Intergalactic Avenger: Hello?
The Mighty Eel: Hey how's it going
Intergalactic Avenger: Going pretty good. Yourself?
The Mighty Eel: Pretty good. This is my first one of these so pretty excited.
Intergalactic Avenger: Okay so let's just dive on right in. So I'm going to ask you an algorithmic question if that's alright. So there's a little selector box on the top right of the coderpad. It says plaintext now and you can pick any language that you think makes sense for an algorithmic type question.
The Mighty Eel: I'll probably do Python.
Intergalactic Avenger: Python, okay those are usually good for these things. Okay we're going to start with the basic problem and add to it. So the first one is pretty simple and the idea is you're going to define a function that takes in two strings and returns whether they're equal in a case-insensitive way. So of course Python has this but we're going to work through a couple additions to this once we get the basic one down.
The Mighty Eel: Okay cool. So I mean there are other Python built-ins that could make this pretty easy as well. Like turning a string to lowercase or uppercase and then comparing them.
Intergalactic Avenger: You can use any of those. And we'll talk about the implications of using those and all that kind of stuff.
The Mighty Eel: Okay so that would look something like this. And I think that would do it. I'm assuming by case-insensitive you just mean letters of the alphabet.
Intergalactic Avenger: So let's write in the shell, case-insensitive compare of "abc" and capital "ABC".
The Mighty Eel: Okay.
Intergalactic Avenger: I think you're going to want to just do it inline here.
The Mighty Eel: Oh got it, I see.
Intergalactic Avenger: Then you'll see run. Okay, excellent. So what is the time and space complexity of this algorithm as you have implemented it?
The Mighty Eel: So I don't know how upper() exactly works but I'm guessing what it does is, it likely builds a new string character by character so that would suggest that you have a linear running time and memory is also linear.
Intergalactic Avenger: As far as I know, strings in python are immutable, so if you call something like upper() then it will have to return a new string. Okay and so that's the best-case, worst-case, always-case?
The Mighty Eel: Memory is going to be always-case. Runtime would also be always-case unless there's something I'm missing.
Intergalactic Avenger: Okay that makes sense. So let's say these are very long strings and we don't expect this to happen very often. Is there an optimization we can make to this so that in the best case it doesn't take O(n) time.
The Mighty Eel: So not expecting it to happen very often you mean that…
Intergalactic Avenger: That they're equal, you're not expecting that. Most of the time they're not going to be equal.

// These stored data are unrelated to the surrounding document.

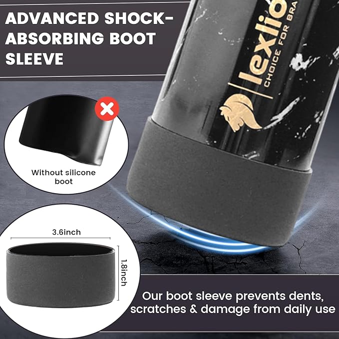 - ✅ SILICON BOOT/SLEEVE- Lexlion 32 oz stainless steel water bottle comes with an advanced shock-absorbing silicone material that helps to protect against dents, dings, scratches, and all the imperfections of your 32 oz insulated water bottle. You are protected against an inevitable drop in your water infuser bottle. This will extend the life of your flask. The infuser water bottle is BPA-free and made of soft and highest-quality material.
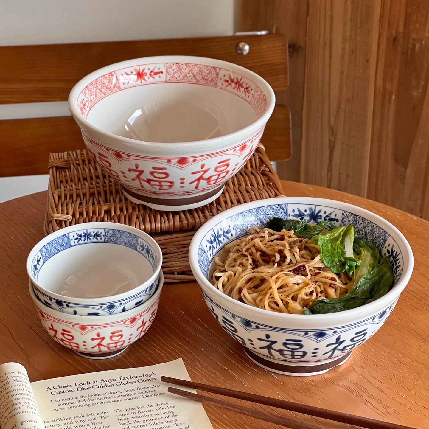 中式福字碗家用米饭碗陶瓷面碗大碗汤碗面条碗螺蛳粉碗釉下彩餐具
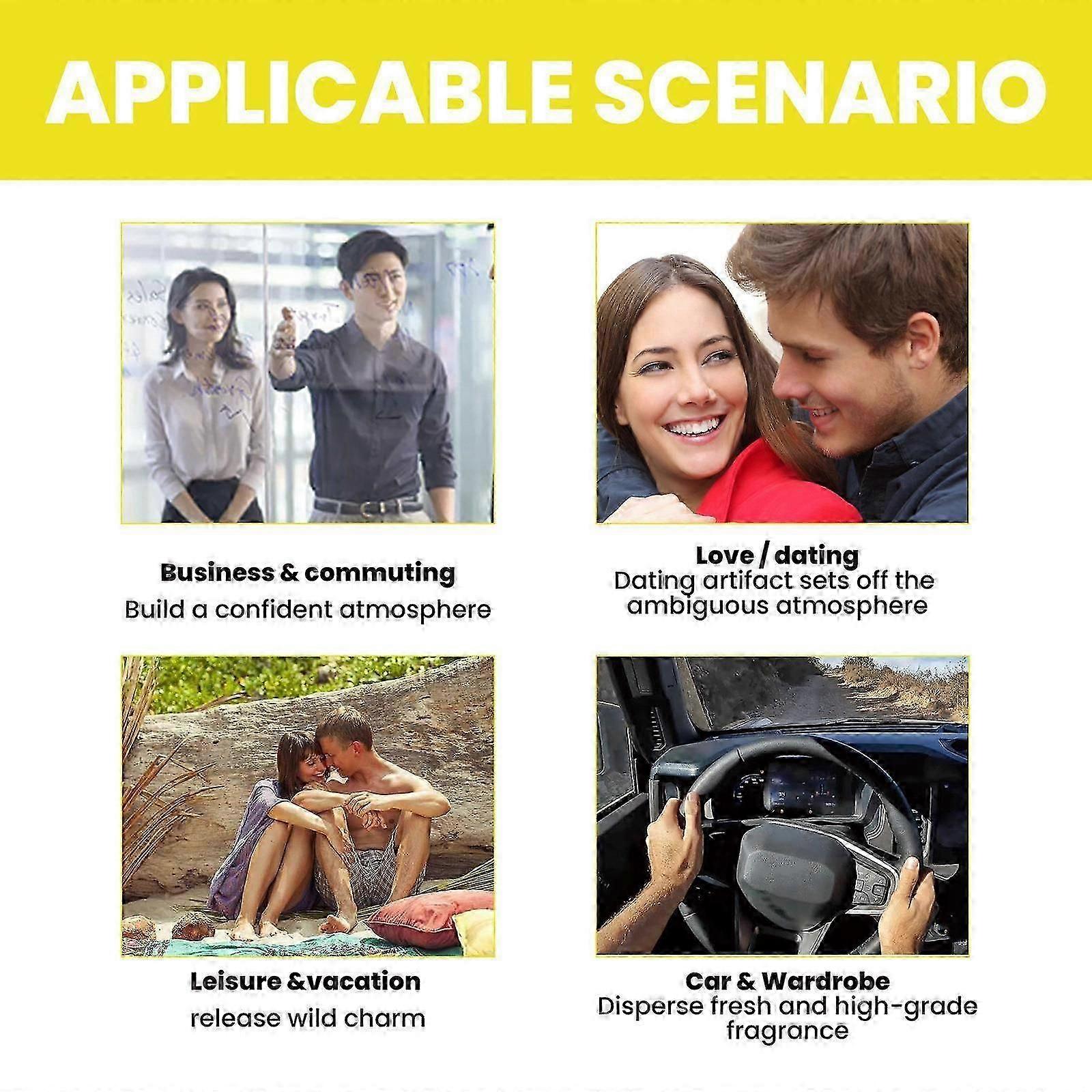 Enhance MasculinityThe Super Pheromone for Men may attract women and enhance your masculine appeal, making you more attractive and conveying a strong, confident aura. Irresistible AttractionOur Pheromone Cologne for Men is designed to release enough phero mones, making you particularly attractive when applied to the neck, ears, wrists, chest, or other parts of the body. Convenient and Portable This Men's Pheromone Cologne is easy to carry, compact body has no burden, and it will not be awkward to add at any time on any occasion. Can be used as your first perfume at any time of the day. Natural and EffectiveThe Men's Pheromone Essential Oil contains natural essential oils, providing a natural and effective way to enhance your allure and confidence. Perfect GiftsOur Pheromone Perfume is an ideal gift for strengthening relationships between lovers. It's a great gift idea for weddings, birthdays, Valentine's Day, and Christmas, making it a thoughtful present for your loved one.
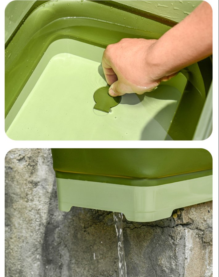 На дъното има тапа, която служи за изтичане на водата, ако се използва като съд за вода или лед или след измиване.

The Mighty Eel: Mostly they're not equal. Okay, interesting. So we could do something like. So we can go...well first you'll want to check the length of both of them and see that the length is the same. And if not, you can loop through both of them simultaneously and do a comparison character by character and compare them that way.
Intergalactic Avenger: Sounds good.
The Mighty Eel: Trying to figure out how to do this in the cleanest way. I wouldn't want to create one….
Intergalactic Avenger: Wouldn't want to create what?
The Mighty Eel: I wouldn't want to create a new..I guess this might terminate early I guess this might, so let's just try this for now.
Intergalactic Avenger: Alright, I think we should also have one failing case so like "abcd" or something. Okay, excellent. Quick question here, this is kind of an extra credit but as you've written these are, I guess it depends on what Python you're using. If these are unicode strings or 8-bit strings. So if this is Python2….
The Mighty Eel: Which it is.
Intergalactic Avenger: Which it is. Can we think of any possible thing that might go wrong with this?
The Mighty Eel: Yeah, you could be comparing unicode versus 8-bit strings here and I imagine that might cause problems.
Intergalactic Avenger: So let's even just think in just both 8-bit strings. So you don't necessarily have to fix this problem because the 8-bit string thing is kind of a mess, so I'm just curious how familiar you are with if this was 'ábc' and this was 'ÁBC'. So let's even see if that works.
The Mighty Eel: It doesn't.
Intergalactic Avenger: Which is okay. Can you think about why this isn't working?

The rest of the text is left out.